By the way, these tasks are ideally completed in January while the plants are dormant, but the weather then was so unpleasant that we did not want to spend time outdoors wrestling unruly wet branches. April is just really the last chance to get this done before the mid-spring growth spurt.

Do you have roses in your garden? Then the forsythia’s blooms are also your signal to prepare them for summer. Head out with your thick garden gloves and pruners. Any obviously dead or frost-killed wood has to go. Roses can also be pruned for size and shape. The aim for most ornamental roses is to foster an open, vase-like shape that will provide good air circulation that will keep black spot in check.

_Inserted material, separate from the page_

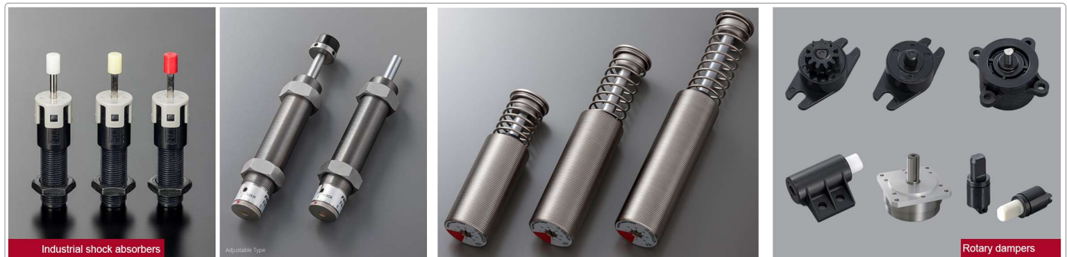
Industrial shock absorbers

Remove branches that cross or touch other branches because these can rub and abrade each other in the breeze, leaving the plant open to infection. Following good pruning principles, use a sharpened pruner to cut cleanly at the collar that joins smaller to larger branches. Cut at a slight angle if possible, so that rain will run right off the cut you make. Not sure of the ideal place to cut a long cane? Just make sure that you cut above a bud that faces the outside of the plant. Otherwise, you will encourage branches that cross the interior of the shrub and rub other branches. When you’re cleaning up the prunings, be sure to gather up any rose leaves lying around, because they probably have black spot spores just waiting for the warm temperature and rains to facilitate their growth.

While you’re trimming and pruning, you have probably noticed lots of swelling leaf buds on your shrubs. Now’s the time to give those shrubs that food boost they will need for healthy growth. If you don’t mind a lot of hand watering, liquid fish fertilizer diluted in a watering can will supply a well-rounded organic fertilizer that most plants appreciate. While you’re at it, give your hellebores and other spring-blooming plants a treat because they will appreciate the food after the effort of blooming. In addition to the fish fertilizer (or specialty rose fertilizer), roses appreciate a handful of Epsom salts around their base. Epsom salts provide magnesium and Sulphur that help leaf growth and function.

All done? Not quite. Remember that forsythia? By now it might have finished blooming. To ensure a healthy, well-mannered, blossom-filled shrub next year, grab your loppers and cut out the oldest one-third of the canes, removing them right down to just above the soil line. Now done? Yes, but now summer is on its way!